There can be no love for a man with so much blood on his hands.

I arrive home to the servants' anxious whispers. They immediately fall silent as I close the door, one of them hurrying to relieve me of my cloak and hat. They carefully avoid my gaze until I ask, "What is wrong?"

They glance at each other, deliberately looking away from me until my patience begins to wear thin. Just as I am about to demand an answer, the hoarse, sharp voice of my father's cook comes from the kitchen:

"A new witch has been discovered and convicted."

By claiming she is convicted, then she is already dead.

I frown, walking into the kitchen to look at her directly. "Who was it?"

The cook glances up at me, a plump, grizzled woman with a weathered face and work-weary arms currently dusted with flour up to the elbows, before she looks down at the dough she is rather viciously kneading.

"Mrs. Black's daughter, Annabelle. Your father apparently found signs of Old Scratch in her room. No one knows who gave him her name, or no one is admitting to it – yet."

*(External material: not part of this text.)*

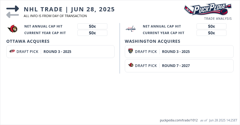 The Ottawa Senators acquired a 2025 3rd round pick (#93) from the Washington Capitals for a 2025 3rd round pick (#96) and a 2027 7th round pick

I stare at her, my stomach dropping. This is the woman who had as good as raised me, teaching me the letters and arithmetic which my father had once taught her when he hired her, while my father shouted and encouraged crowds to follow him in carrying out God's will. Through living with us, she gradually lost the rough, quick accent from the area she had been born in, her tones becoming more like ours. In her, I am reminded that my father was once a good, just man, before his quest to rid England of sin had overwhelmed him.

I remember Annabelle also, a girl two years younger than I, the daughter of our old housekeeper before my father had become suspicious of their family and thrown them out. She had been a kind, sweet girl – I had indeed liked her very much – and she had most definitely not been a witch.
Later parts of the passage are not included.